No wonder there was so much excitement about this 2015 Bath arrival. This is how to take the city’s thermal waters in style, and there is nowhere else in Britain like it. To bathe in waters drawn deep from the earth, waters that have to be cooled rather than heated (they are naturally steaming hot, warmed by geothermal energy to between 69°C and 96°C, and bubble up through an artesian well directly from the aquifer that lies beneath the city), is a profound and decadent experience. The newly built colonnaded bathing atrium, sympathetically designed and flooded with natural light, is right on the site of the original Roman Baths upon which the city was founded. 

The Victorians first discovered them when they were adding a wing onto the Royal United Hospital in the 1860s: just one of this building’s previous incarnations. Yes, you can – and ought to – visit The Roman Baths complex just across the road (it is astonishing: vast, ancient, mysterious, though the waters are untreated so you’re not allowed to touch them), and yes, you could book into the Thermal Bath day spa, also fed by thermal springs and with a rooftop pool. But if you seek privacy, superlative treatments from world-renowned spa-hotel brand YTL – whose other outposts include Pangkor Laut in Malaysia–a top-notch Asian-inspired restaurant and a bed so comfortable you barely move all night, then this is Britain’s most exciting new spa arrival.

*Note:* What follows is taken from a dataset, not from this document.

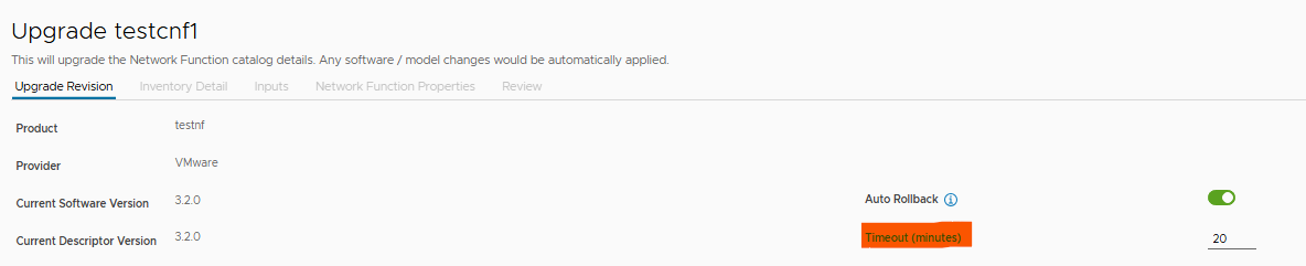 During CNF LCM Operation Upgrade the timeout is set in TCA Manager UI as mentioned below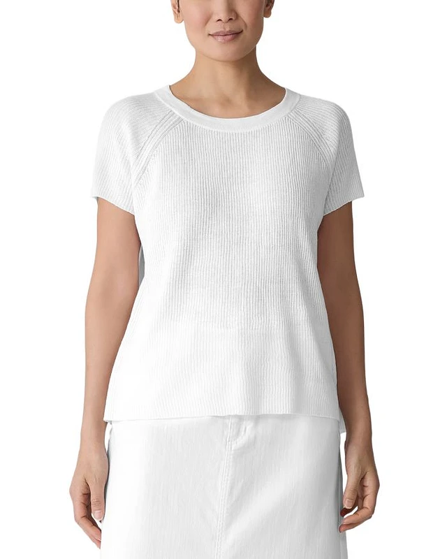 Eileen Fisher Linen Cotton Raglan Short Sleeve Sweater

The hotel itself is glossy, big and bold. It won’t win any prizes for exciting or quirky design, and the atmosphere is sadly a little corporate, but it is exactly what high-swinging Americans will want in their city break. The baths are open exclusively to hotel guests from 7am-9am and 8pm-10pm each day; outside of these times you need to book a spa treatment to use them, even if you’re staying at the hotel, which initially seems a little mean but averts overcrowding. There’s a whole circuit set out: it takes about an hour and includes increasingly warm pools, cold shower hoses to blast the lymphatic system, steam rooms, saunas, an ice cove and, finally, the triumphant main atrium pool with various double seats and powerful massage jets, the ultimate being the overhead shoulder blasters. Staff are on hand to remind you how to use the circuit and you can pick between drinking gentle lavender-scented water or little liquid chocolate shots. And the point of it all? It’s fair to say that simply floating and larking about in the pools will annihilate stress, but the mineral-rich water is also a remedy in itself: good for dry skin, good for joint pain, good for muscle tension, arthritis and rheumatism. No wonder they offer private aquatic body treatments where, in the strong arms of a therapist, you are stretched and swished about in the water; it’s deeply relaxing for both mind and body. 

Other highlights include the Aroma Bar, where you can make up your own personalised sachet of aromatherapy-oil-infused salts (use them in the sauna), and – in a nod to the company’s roots – the signature massages that leave you smelling of lemongrass. Thoughtfully conceived and sensitively executed, this is the spa hotel that Bath, at last, deserves. It is smart, but with a heart. Every member of staff is willing you to have a good time, all of them are 100 per cent behind the vision. You can’t help but feel the Romans would be proud.